At the Lakmé Fashion Week 2025 x FDCI, artisans take the runway
The Hindu
Indian artisans step into the spotlight at Lakmé Fashion Week, challenging traditional narratives with authenticity and innovation.
Indian fashion is entering an era of quiet reckoning — one where the silent hands behind couture’s most intricate weaves and prints are finally stepping into the light. For decades, artisans remained the invisible scaffolding of Indian fashion’s most-celebrated narratives. Now, the script is shifting. At Lakmé Fashion Week x FDCI’s March 2025 edition, this shift felt not only palpable but overdue too. In a special show, titled Design Craft Presents Artisan Designers of Somaiya Kala Vidya, master craftspeople emerged not as footnotes but as the headline.
Established in 2014, Somaiya Kala Vidya (SKV), situated in Anjar, Kutch, is a pioneering institution that flips the script on how we view artisans and design. Founded on the belief that the custodians of India’s textile legacy deserve more than just seasonal patronage, SKV empowers traditional artisans with the tools of modern design, branding, and entrepreneurship — without asking them to abandon their roots.

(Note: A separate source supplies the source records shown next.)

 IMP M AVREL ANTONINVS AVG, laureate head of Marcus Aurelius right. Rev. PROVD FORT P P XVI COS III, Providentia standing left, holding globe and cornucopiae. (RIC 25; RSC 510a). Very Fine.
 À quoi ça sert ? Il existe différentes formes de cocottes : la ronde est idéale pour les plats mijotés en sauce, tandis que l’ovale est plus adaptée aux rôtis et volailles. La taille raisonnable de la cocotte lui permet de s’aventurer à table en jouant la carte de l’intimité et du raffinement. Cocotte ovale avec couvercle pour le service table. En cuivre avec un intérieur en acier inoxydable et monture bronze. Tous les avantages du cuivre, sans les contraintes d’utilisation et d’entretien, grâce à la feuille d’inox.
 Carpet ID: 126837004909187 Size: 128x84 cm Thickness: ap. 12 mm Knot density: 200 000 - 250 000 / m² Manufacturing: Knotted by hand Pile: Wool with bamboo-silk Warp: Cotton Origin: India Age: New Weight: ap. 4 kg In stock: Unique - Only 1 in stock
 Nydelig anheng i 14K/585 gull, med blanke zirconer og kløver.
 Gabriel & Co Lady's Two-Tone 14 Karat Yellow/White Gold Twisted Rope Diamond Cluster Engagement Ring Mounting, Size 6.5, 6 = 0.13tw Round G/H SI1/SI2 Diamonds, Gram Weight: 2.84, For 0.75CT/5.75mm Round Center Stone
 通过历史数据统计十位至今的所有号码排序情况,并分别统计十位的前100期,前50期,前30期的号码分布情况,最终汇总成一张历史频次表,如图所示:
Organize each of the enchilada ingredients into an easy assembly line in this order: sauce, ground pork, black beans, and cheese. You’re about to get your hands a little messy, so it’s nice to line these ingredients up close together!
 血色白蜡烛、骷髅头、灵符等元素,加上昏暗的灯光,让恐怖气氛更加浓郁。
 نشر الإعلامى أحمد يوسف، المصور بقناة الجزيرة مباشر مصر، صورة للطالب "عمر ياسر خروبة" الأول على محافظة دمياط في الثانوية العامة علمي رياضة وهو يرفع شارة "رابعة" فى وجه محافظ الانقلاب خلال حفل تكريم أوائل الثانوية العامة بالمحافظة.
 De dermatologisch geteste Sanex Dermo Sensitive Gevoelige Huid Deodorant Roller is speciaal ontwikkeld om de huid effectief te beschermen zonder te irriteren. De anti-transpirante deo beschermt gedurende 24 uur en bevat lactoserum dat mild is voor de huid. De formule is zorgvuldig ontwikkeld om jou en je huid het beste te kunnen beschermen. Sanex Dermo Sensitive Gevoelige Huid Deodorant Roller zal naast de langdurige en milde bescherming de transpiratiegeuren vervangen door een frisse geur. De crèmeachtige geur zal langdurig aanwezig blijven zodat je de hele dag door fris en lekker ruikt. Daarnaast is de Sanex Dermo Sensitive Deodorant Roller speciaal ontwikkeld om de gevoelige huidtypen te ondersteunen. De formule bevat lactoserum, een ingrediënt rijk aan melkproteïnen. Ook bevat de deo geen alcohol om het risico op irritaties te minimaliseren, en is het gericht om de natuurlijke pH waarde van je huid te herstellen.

Unlike urban design schools that often view craft through an outsider’s lens, SKV is embedded within the artisan community. It offers structured, culturally sensitive education to master artisans — many of whom have inherited centuries-old techniques of weaving, dyeing, or embroidery. The curriculum, taught in the local language and tailored around the artisans’ calendars, balances aesthetics with market relevance.
The runway bore witness to a powerful confluence of tradition, technique and self-expression anchored by five artisan-led labels: Ajrakh Gharana by Zaid Khatri, Alaicha by Amruta Vankar, Elysian by Mubbasirah Khatri, Musk by Muskan Khatri, and Neel Batik by Shakil Ahmed. Each collection offered a distinct voice, rooted in heritage yet unafraid to play with silhouette, colour, and context.
With ajrakh as the centre of attraction, Zaid Khatri’s Eternal Ajrakh collection for his label Ajrakh Gharana was a journey from the past to the present and then into the future. It was a poetic reflection on time, layering ajrakh’s storied geometry with sleek, contemporary tailoring. His work asked a poignant question: Can tradition stretch into the future without losing its soul? Judging by his restrained yet evocative presentation — indigo jackets layered over fluid separates — the answer felt like a resounding yes.
Amruta Vankar’s Alaicha drew from her mashru weaving legacy, translating the tactile language of handloom into quiet luxury. Her palette was earthy, her cuts clean — each look paid an ode to rhythm and repetition, the two things every weaver knows intimately.
Mubbasirah Khatri (the only female ajrakh artisan and artisan designer in Kutch) designed the Anatomy collection for the label Elysian. Mubbasirah turned to ajrakh presenting a softer, dreamier take on the resist-dye technique. There was romance in her folds — fluid dresses in pastel tones, dotted with the signature clusters of tie-dye that whispered of patience and precision.